Obviously, the man realizes that he cannot go mate with this woman (even if he wanted to). It is not an option. He is in the middle of driving. He may be busy, or running late to work. He also knows that this woman doesn’t know who he is. The chances of the female immediately “jumping in the sack” with him is very, very unlikely. All these obvious reasons enter the man’s mind.
He knows it isn’t an option to pursue this female, even though his biological responses tell otherwise.
Let me put it this way. If your an alcoholic, you become stranded on a desert island with nothing other than fish and bananas to live on, you probably realize that drinking is no longer an option. It is when we know that our drug of choice is available, that the mind will become preoccupied on “using.”
You must be okay with never watching porn again. You must be okay with never touching alcohol, drugs or cigarettes. Sooner or later, you will find that your addiction is no longer an option. Better realize this now, rather than when experiencing substantial losses.
When you no longer make addiction an option in your life, you act as if it doesn’t even exist. You forget about it and move on.

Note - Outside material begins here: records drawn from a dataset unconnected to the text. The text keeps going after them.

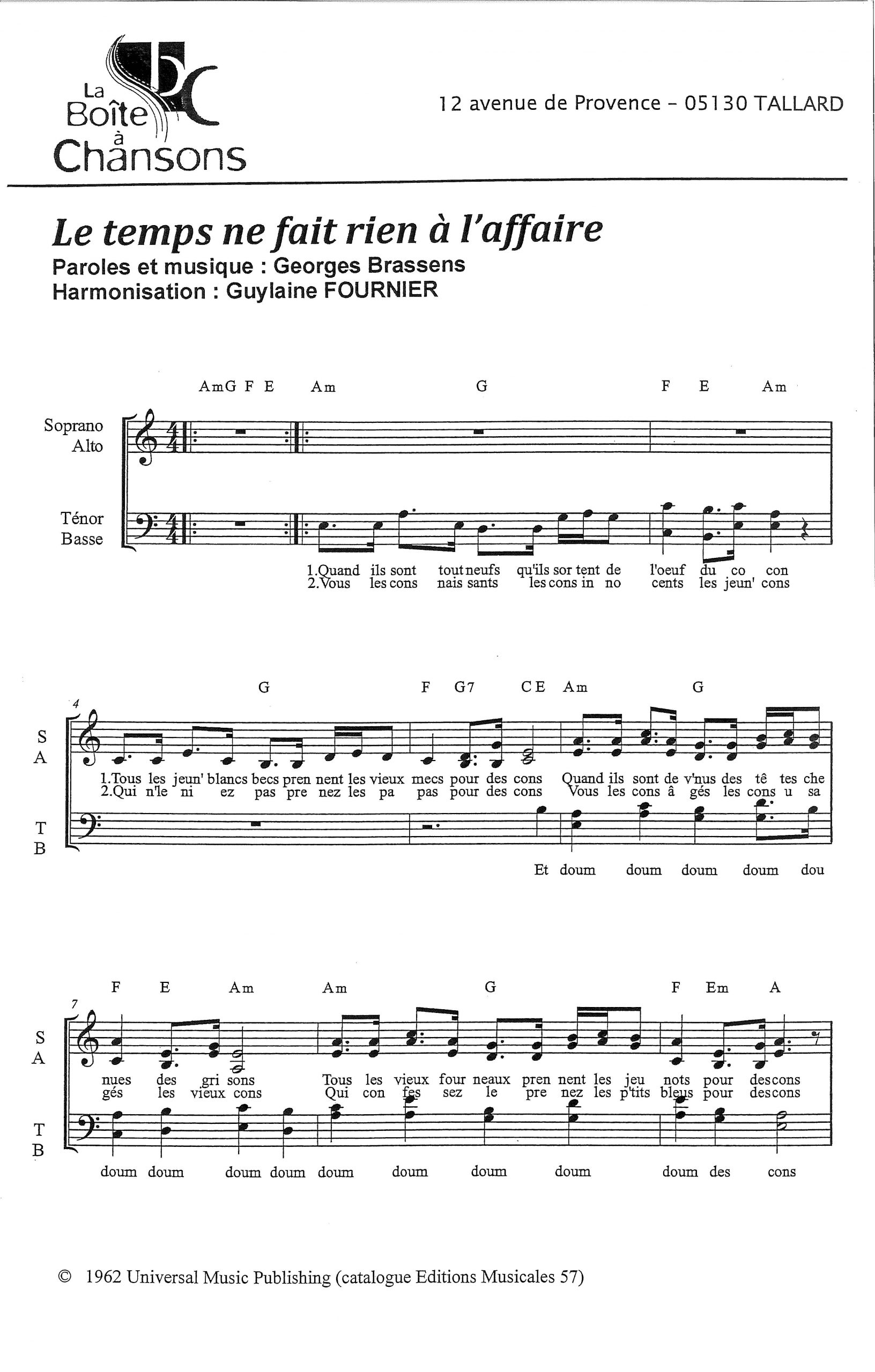 Paroles et musique de BRASSENS Harmonisation : Guylaine FOURNIER
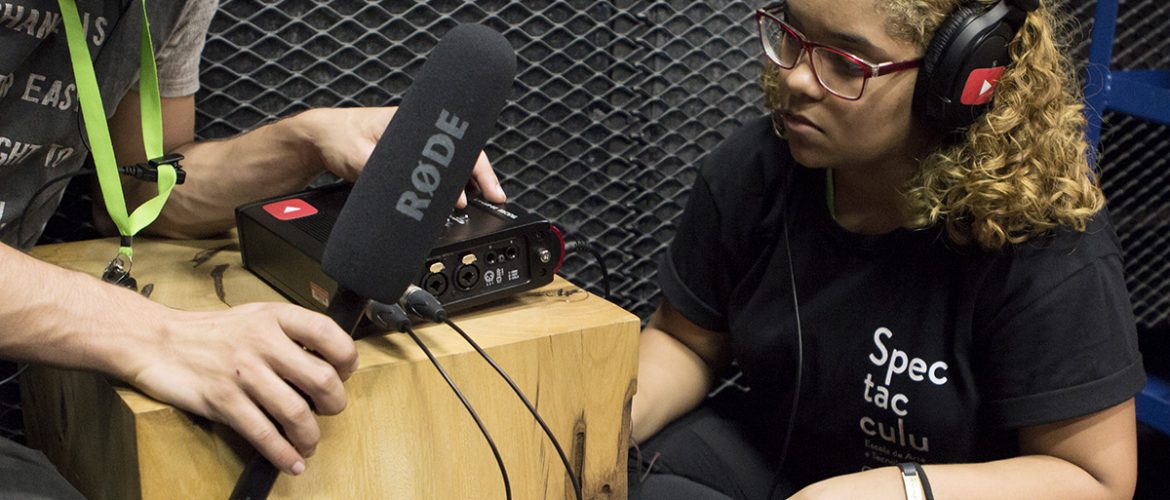 Spectaculu realiza parceria com festival internacional A Spectaculu é uma das organizações parceiras do Festival Mulheres do Mundo – WOW. Jovens do Núcleo de Tecnologia estão produzindo conteúdo para as redes sociais do evento, que acontece de 16 a 18 de novembro na Praça Mauá. Vídeos gravados por alunos da Spectaculu no YouTube Space Rio estão sendo divulgados nos canais do Festival Mulheres do Mundo – WOW. (Créditos: Julianne Gouveia / Spectaculu) Desde agosto, participantes do curso de Vídeo Digital, realizado pela
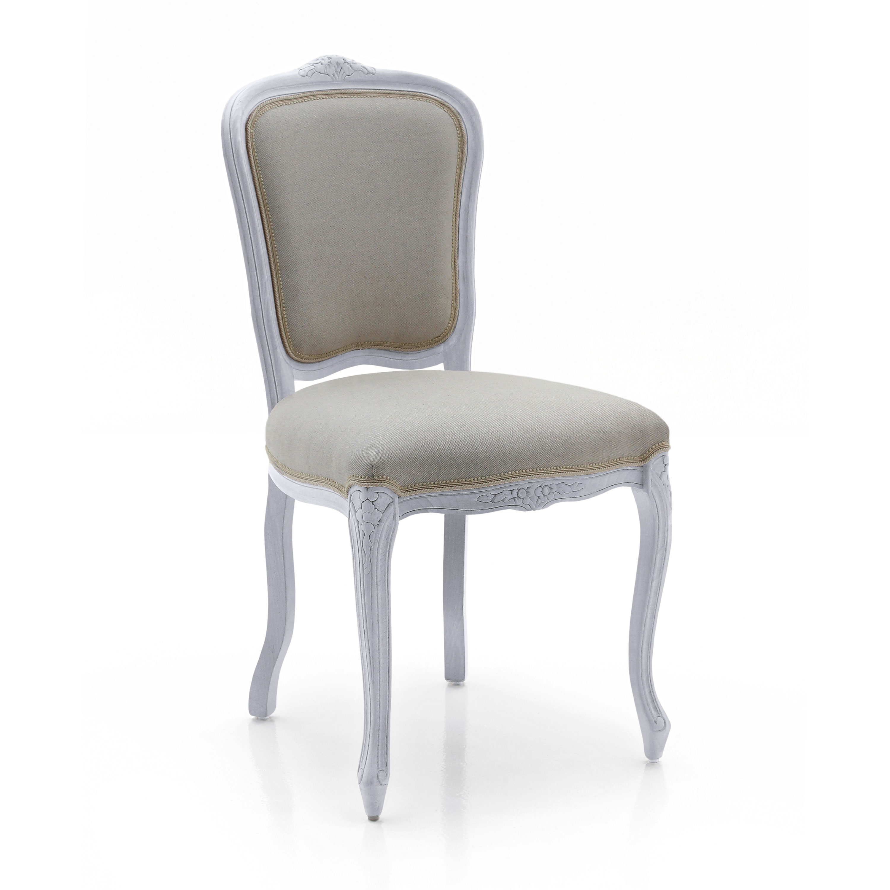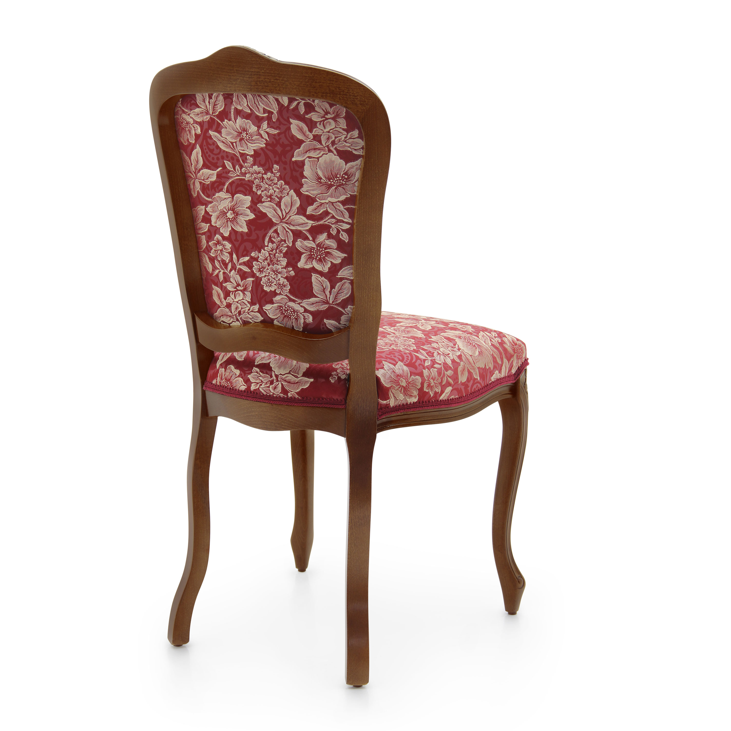 Fiorino is a restaurant chair, a classic Louis XV replica dining chair, with a solid beech wood structure. The seat is padded with webbing and superior quality foam. The contained dimensions make it ideal for contract use. The restaurant chair Fiorino can be reinforced with additional side rails or "U" stretcher, the perfect hotel chair. Upholstery can be customised with nails, braiding, double welt or welt. 100% made in Italy.
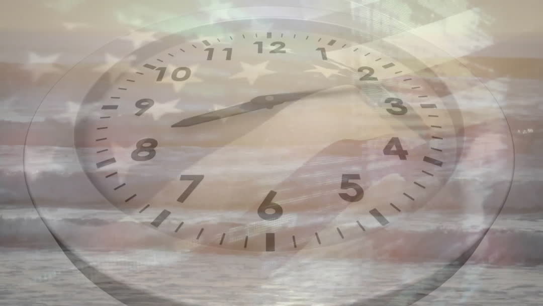 Conceptual representation of time and patriotism featuring a clock overlayed on an ocean and American flag. Symbolizes timelessness, national pride, flow of time, and freedom. Can be used for themes involving U.S. Culture, national holidays, or ecological awareness tied to time.
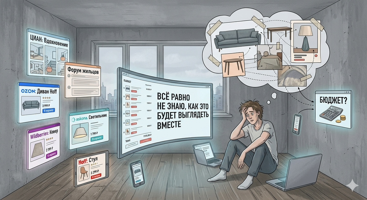 Если вы читали мои предыдущие статьи про инвестиции в недвижимость и хоумстейджинг — вы знаете, что я обставлял студию своими руками. Дважды. И оба раза это было мучительно. Схема каждый раз одна и та же. Стоишь в пустой комнате, смотришь на голые стены — и понимаешь, что не знаешь, с чего начать. Найти вдохновение помогают фото готовых вариантов из объявлений в ЦИАН или на форумах жильцов. Потом пытаешься найти конкретные вещи с этих фото на Wildberries, Ozon, в Hoff, Askona. Диван — на одном сайте, стол — на другом, светильник — вообще непонятно где, сравниваешь варианты и цены. Проходит несколько часов. У тебя открыты двадцать вкладок, полная корзина и ощущение, что ты ещё ничего не решил. А самое неприятное — ты всё равно не знаешь, как это будет выглядеть вместе. Диван из одного магазина, стол из другого, ковёр с третьего — в голове это как-то складывается, а в реальной комнате может оказаться полная каша. Плюс нужно уложиться в приемлемый бюджет, т.к. это инвестиции. Наверное, ес
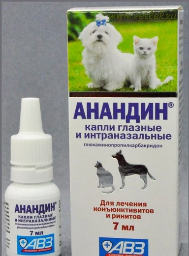 Капли глазные и интраназальные Анандин применяют для лечения конъюнктивитов и ринитов у собак и кошек.

You don’t struggle everyday fighting urges. You won’t be trying so hard to overcome anything. You may even stay up all night just because you couldn’t sleep well, but not because you needed a “drink.”

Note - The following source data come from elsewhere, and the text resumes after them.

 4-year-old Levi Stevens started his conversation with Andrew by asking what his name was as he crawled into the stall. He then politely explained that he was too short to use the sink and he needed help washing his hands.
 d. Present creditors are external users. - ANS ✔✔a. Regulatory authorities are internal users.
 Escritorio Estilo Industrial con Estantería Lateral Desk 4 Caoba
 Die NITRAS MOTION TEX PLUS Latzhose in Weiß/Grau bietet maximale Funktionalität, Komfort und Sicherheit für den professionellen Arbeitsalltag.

In the past you may have been too quick to give in and too slow to catch on. But don’t wait for your addiction to result in substantial losses in order for you to realize that your addiction is no longer an option. Sooner or later, you will come to that fork in the road and must make that decision.
4 Comments
Leave a commentYou described this very well. I never thought of it as being hardwired. I don’t drink or use “drugs” but I do smoke cigarettes. With me, I can go hours without smoking or I can chain smoke 20 a day. I have gone with smoking as little as 2 smokes in one day and as much as 25 another day. The whole addiction process in my brain varies on circumstances. If I am active, busy, moving around, I don’t think anything of it. When I am idol is when I crave it most.

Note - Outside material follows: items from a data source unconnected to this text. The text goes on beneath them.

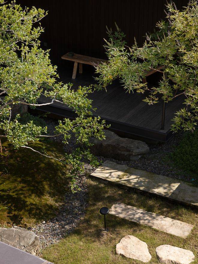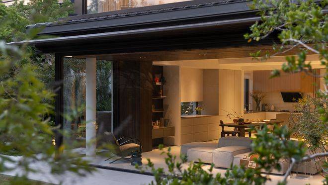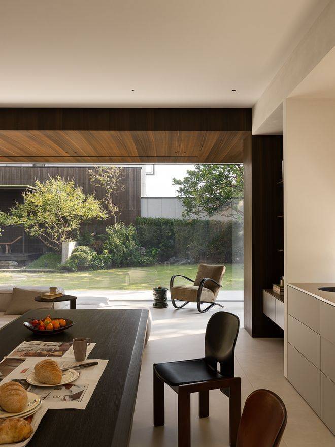 玄关作为“起”的一个过渡空间。一侧的采光天井让光影和绿色形成一幅活的框景,让人一入门便卸下尘世喧嚣。玄关的转折后便进入了豁然开朗的公共区域,客厅、餐厅、厨房一体化的设计。这里承载了家庭生活的核心,朝南近10米宽的大落地玻璃窗,让整个花园的景色映入眼帘。
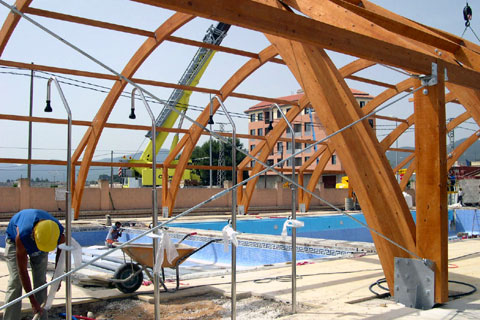 Queda pendiente la instalación de la membrana que cubrirá la estructura de madera, que ya está totalmente montada, y la puesta en marcha de la maquinaria de climatización de la piscina, actuaciones que no se ejecutarán hasta que no pase el verano.
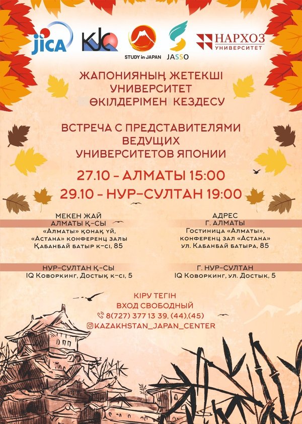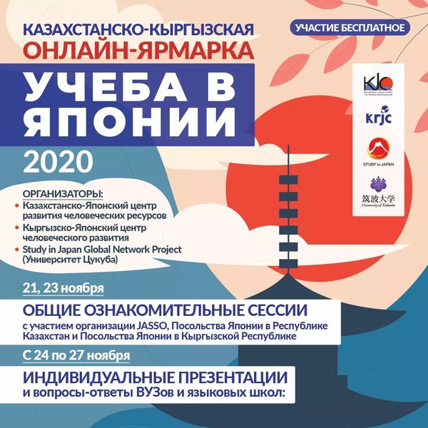 ептері 21—23 қараша аралығында JASSO ұйымының ұйымдастыруымен Қазақстан және Қырғызстан Республикасындағы Жапония елшілігінің қатысуымен түсіндіру, таныстыру жұмыстарын жүргізеді. 24—27 қараша аралығында, 1 апта бойы, ZOOM платформасында әр Университет туралы жеке түсіндіру, таныстыру жұмыстарын жүргізеді. ЕҢ БАСТЫСЫ, осы аталған іс-шараға қатысу -ТЕГІН!!! Ол үшін қатысуға деген ниетіңіз болып, тіркелуден өтсеңіз жеткілікті. (Тіркелуге арналған сілтеме) Көкейіңізде жүрген барлық сұрақтарға жауап алғыңыз келсе, қатысуға асығыңыз. Қатысушы университеттер тізімі: 1. Akita University 2. Eikei University of Hiroshima 3. Kanazawa University 4. Nagasaki University Graduate School of Biomedical Sciences 5. Ritsumeikan Asia Pacific University 6. Ritsumeikan University 7. Teikyo University Graduate School of Science and Engineering 8. Tokai University 9. Tokyo International University 10. University of Tsukuba Тілдік меткеп: 11. Ohara Japanese Language School
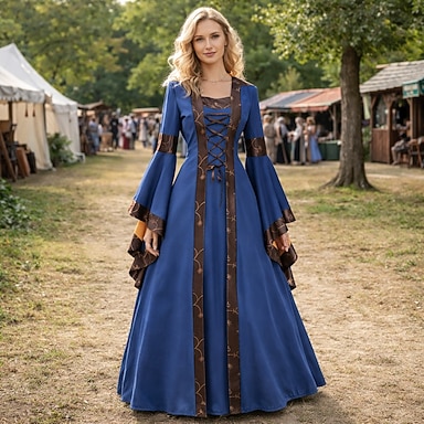 Linea ad A Lunghezza al pavimento Abito da invitata a nozze Abito Formale Abito da sera Abito da cerimonia per signora Manica Lunga Collo quadrato Elegante Vintage Festa Ferie Cocktail party Serata
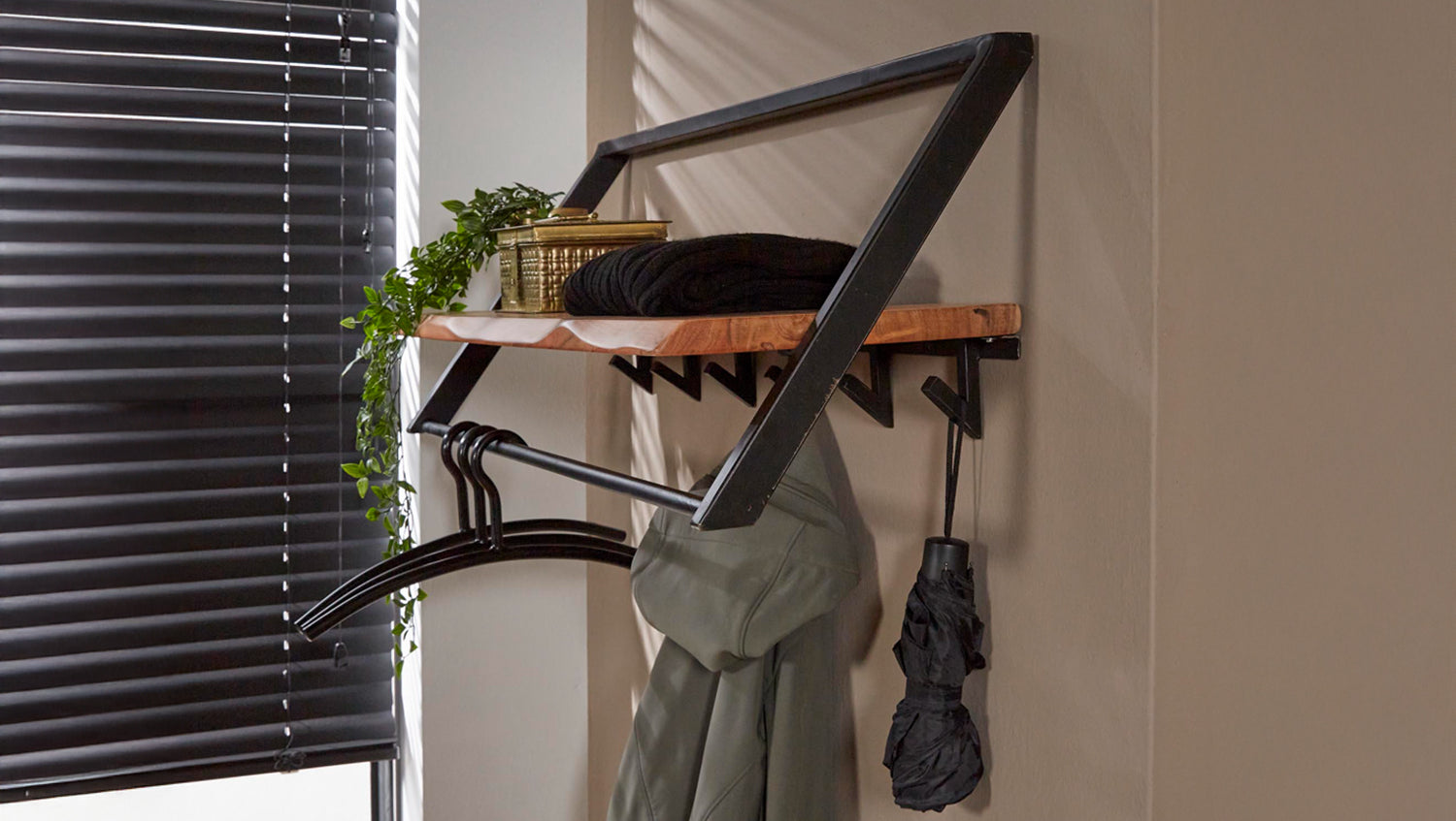 Die Wandgarderobe ALEGRA von KAWOLA überzeugt mit hochwertigem Design und durchdachter Funktionalität. Die Hutablage aus massivem Akazienholz besticht durch ihre natürliche Maserung und das edle schwarze Finish, das ihr einen einzigartigen Look verleiht. Unter der Ablage befinden sich 6 stabile Haken sowie eine Metallstange zum Aufhängen von Kleiderbügeln – beide aus pulverbeschichtetem Metall für langlebige Qualität. Mit zwei Befestigungsösen lässt sich die 100 cm breite, 38 cm hohe und 32 cm tiefe Garderobe sicher montieren. Ideal geeignet für Flur, Diele oder Eingangsbereich, bietet ALEGRA eine stilvolle Lösung für mehr Ordnung!

This was an incredible and insightful article. I’m looking forward to more.
This is profound! You’re an excellent writer
Thanks for this read, I really enjoyed it. I went the AA and NA route as I went to a 12 step addiction treatment center and yes it worked for me.
I am now 8 years clean. I do sometimes go to AA but I find that I am quite fine on my own and I am not always agreeing with all the things in AA lately.
I do totally agree with you that it is when you make using not an option that things get so much easier. I managed to successfully quit smoking cigarettes in 2015 simply because I knew I had to.